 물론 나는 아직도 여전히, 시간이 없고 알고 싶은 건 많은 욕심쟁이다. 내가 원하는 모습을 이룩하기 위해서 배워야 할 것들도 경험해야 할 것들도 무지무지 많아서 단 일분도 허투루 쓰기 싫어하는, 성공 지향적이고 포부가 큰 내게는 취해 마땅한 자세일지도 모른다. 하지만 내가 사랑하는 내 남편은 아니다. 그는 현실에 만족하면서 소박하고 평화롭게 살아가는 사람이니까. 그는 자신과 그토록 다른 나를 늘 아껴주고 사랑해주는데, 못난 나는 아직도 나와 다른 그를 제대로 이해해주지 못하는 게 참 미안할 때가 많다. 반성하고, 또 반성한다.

...

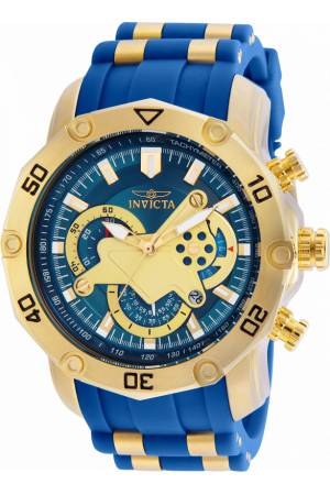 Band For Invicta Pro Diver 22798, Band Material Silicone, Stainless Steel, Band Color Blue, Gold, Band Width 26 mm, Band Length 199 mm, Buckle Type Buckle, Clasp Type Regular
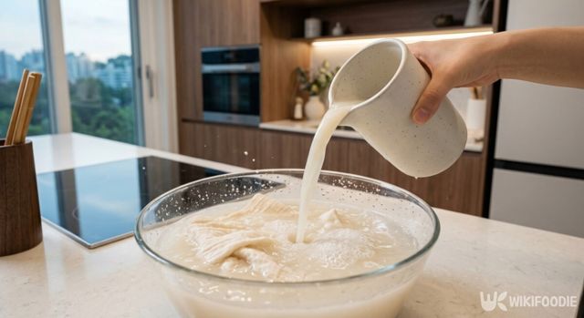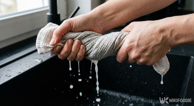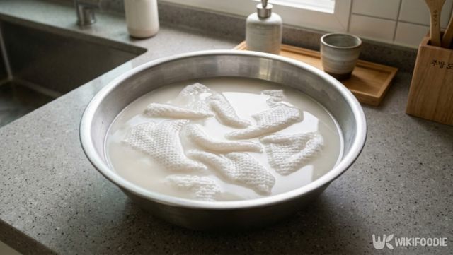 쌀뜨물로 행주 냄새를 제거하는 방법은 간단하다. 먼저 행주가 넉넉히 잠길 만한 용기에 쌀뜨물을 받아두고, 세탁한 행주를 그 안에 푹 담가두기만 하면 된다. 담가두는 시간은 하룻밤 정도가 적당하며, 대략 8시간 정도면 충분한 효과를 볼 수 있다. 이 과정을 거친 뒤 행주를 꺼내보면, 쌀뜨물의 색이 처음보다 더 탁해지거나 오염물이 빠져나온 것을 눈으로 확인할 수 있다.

▶ _Exercise directions_:
Repeat only the stretch of data above that runs from the line with "Band For Invicta" to the line with "쌀뜨물로 행주 냄새를". Keep both end lines; exclude pictures.

▶ _Response for this exercise_:
 Band For Invicta Pro Diver 22798, Band Material Silicone, Stainless Steel, Band Color Blue, Gold, Band Width 26 mm, Band Length 199 mm, Buckle Type Buckle, Clasp Type Regular
 쌀뜨물로 행주 냄새를 제거하는 방법은 간단하다. 먼저 행주가 넉넉히 잠길 만한 용기에 쌀뜨물을 받아두고, 세탁한 행주를 그 안에 푹 담가두기만 하면 된다. 담가두는 시간은 하룻밤 정도가 적당하며, 대략 8시간 정도면 충분한 효과를 볼 수 있다. 이 과정을 거친 뒤 행주를 꺼내보면, 쌀뜨물의 색이 처음보다 더 탁해지거나 오염물이 빠져나온 것을 눈으로 확인할 수 있다.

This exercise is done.